Write the data out in full and word for word. Do not include images.

[[ Information shown, beginning ]]

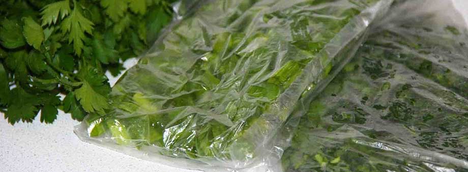 Лучший вариант – придание пакету с рубленой зеленью формы «колбаски». Именно такая форма позволит отломить необходимый по размеру кусочек зелени.
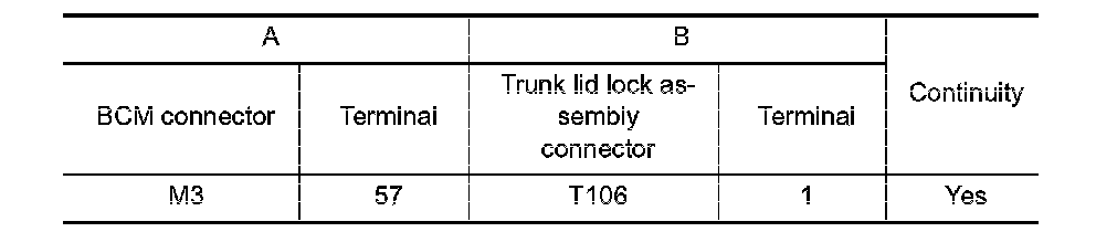 2. Check continuity between BCM connector and trunk lid lock assembly connector.
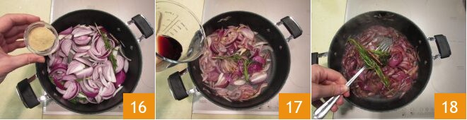 antes de adicionar o açúcar e deixá-lo caramelizar 16. Refresque com o Bordeaux e deixe cozinhar por 10 minutos 17. No final do cozimento, remova os aromas e deixe esfriar 18.

[[ Information shown, end ]]

**Written solution:**
 Лучший вариант – придание пакету с рубленой зеленью формы «колбаски». Именно такая форма позволит отломить необходимый по размеру кусочек зелени.
 2. Check continuity between BCM connector and trunk lid lock assembly connector.
 antes de adicionar o açúcar e deixá-lo caramelizar 16. Refresque com o Bordeaux e deixe cozinhar por 10 minutos 17. No final do cozimento, remova os aromas e deixe esfriar 18.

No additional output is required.